©朱戸 アオ

パンデミックを予見した漫画家が驚くほどのリアルさを実現できた理由

「物語と科学のあいだ」に橋を架ける

新型コロナウイルスによるパンデミックが本格化しはじめた2020年春、1つの漫画作品に大きな注目が集まりました。

朱戸アオさんの『リウーを待ちながら』です。ある地方都市で起こった感染症のアウトブレイクと闘う医師たちの物語は、あたかもコロナ禍を予言したかのようなリアルさで、多くの読者に驚愕をもって迎えられました。

先ごろ『科学とはなにか』を上梓した佐倉統さんもその一人。

驚くほどの正確さで非常事態を予見した作品はいかに描かれたのか。フィクションとサイエンスを結ぶ接点を探るスリリングな対談が実現しました!

(構成/中川隆夫)

「科学を描く」漫画の強み

佐倉 昨年、新型コロナウイルス禍が広まりつつあった時期に、カミュの『ペスト』など、感染症関連の本を書評エッセイのために探しているなかで、朱戸さんの『リウーを待ちながら』を手に取りました。

感染症で封鎖された街を舞台に、人々が危機を生き抜く物語ですが、2017年に刊行された作品にもかかわらず、「緊急事態宣言」や「濃厚接触」など、2020年の春以降にひんぱんに使われはじめた用語がたくさん登場します。ものすごくリアリティのある世界を描かれていて、圧倒されました。

朱戸 ありがとうございます。感染症に関連する本や法律を読み込んで創造した世界ですが、昨春以降、次々に現実化して自分でも驚きました。でも、私たちの日々の暮らしがどう変わるかといった面では、想像が及んでいなかった部分もたくさんあります。イメージしていた世界を現実が超えていったところもありますね。

【写真】朱戸アオさん朱戸アオさん

佐倉 なるほど。でも、コンビニの店頭が品薄になるシーンなどには、膝を打ちましたよ。感染症の犠牲になった人たちを仮埋葬する場面も印象に残っています。

朱戸 仮埋葬の場面については、東日本大震災のことを描いたルポなども参考に、作画しました。ただ、欧米で死者数が急増した際に、ニュースで流れた実際の共同墓地への埋葬の映像を見たときには、こんなにもたくさんの人が…、と声を失いましたね。

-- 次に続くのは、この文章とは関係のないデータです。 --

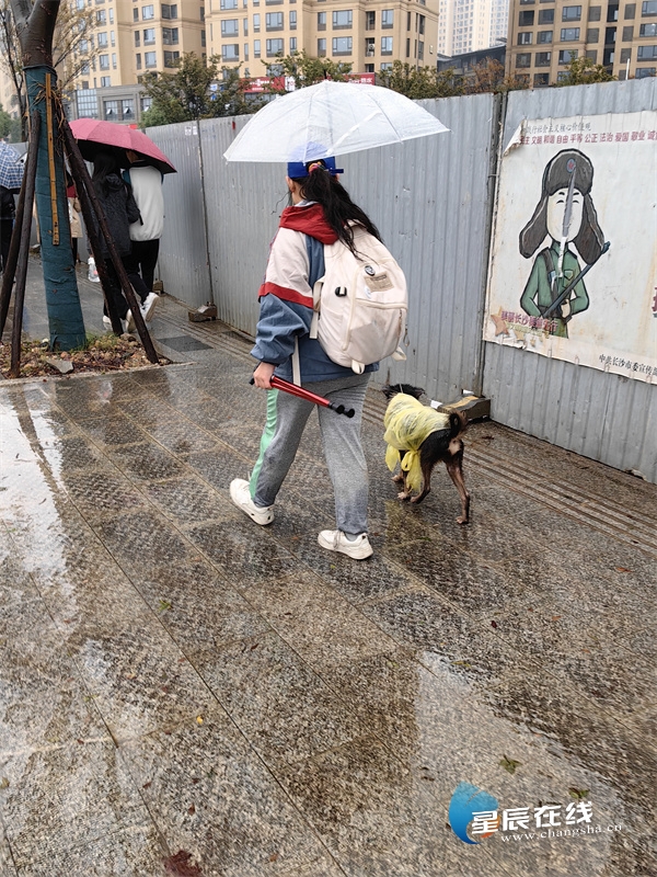 (手牵着小狗的毅行者与刘雅诗擦肩而过,看到这一幕,她心里暖暖的。)

佐倉 『リウーを待ちながら』からは、科学と社会、あるいは科学と私たち生活者との関係を考えるうえでの、表現媒体としての漫画の強みについても体感しました。小説とも映画とも違う、漫画ならではの表現技法や力強さは、科学コミュニケーションを考えるうえでもとても大事だと思っています。

「限界に直面する人間」を描く

朱戸 今回、佐倉さんの新刊『科学とはなにか』を読ませていただきました。科学におけるビッグヒストリーのような趣きで、すごく面白かったです。一般社会と科学者のコミュニケーションの問題について書かれていながら、科学史全体を俯瞰してあって、個人的にも勉強になりました。

佐倉 『リウーを待ちながら』も最新作の『インハンド』も医療系の作品ですが、科学と医療では少し違う面があると思います。極端に言えば、"医術"というのは、科学がなくても患者を治してしまえばいいという側面がある。朱戸さんは、医療のなかでも科学寄りの世界を描かれていますね。

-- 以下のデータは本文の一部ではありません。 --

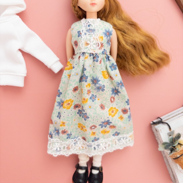【2点セット】パーカーコーデ(白緑ワンピ)リカちゃん

朱戸 手術室でゴッドハンドをもつ医者が病気を治してハッピーエンド、といったストーリーがあまり好みじゃなくて……(笑)。医療の現場でうまくいかない場面で、人間はどうふるまい、動いていくのか、そういったことに関心をもっています。

【作品画像】リウーを待ちながら医療の現場でうまくいかないとき、人間はどうふるまい、どう動くのか(『リウーを待ちながら』©朱戸 アオ)

佐倉 『リウーを待ちながら』でも、刻々と変化する状況に翻弄される医師たちの姿が描かれていますよね。

朱戸 はい。『リウーを待ちながら』のように、感染症で都市封鎖される世界などを描いていくと、どうしても暗い話になります。そういうときに、「これが正解だ」というものを提示するよりは、どうにもならない現場で、人間が限界に向かってコツコツ挑んでいく姿を描きたい。私の場合、根底に「人間の限界」に対する興味があって、その点を描いていきたいと考えているんです。

佐倉 『インハンド』にも共通する部分ですよね。拝読していてよく伝わってきます。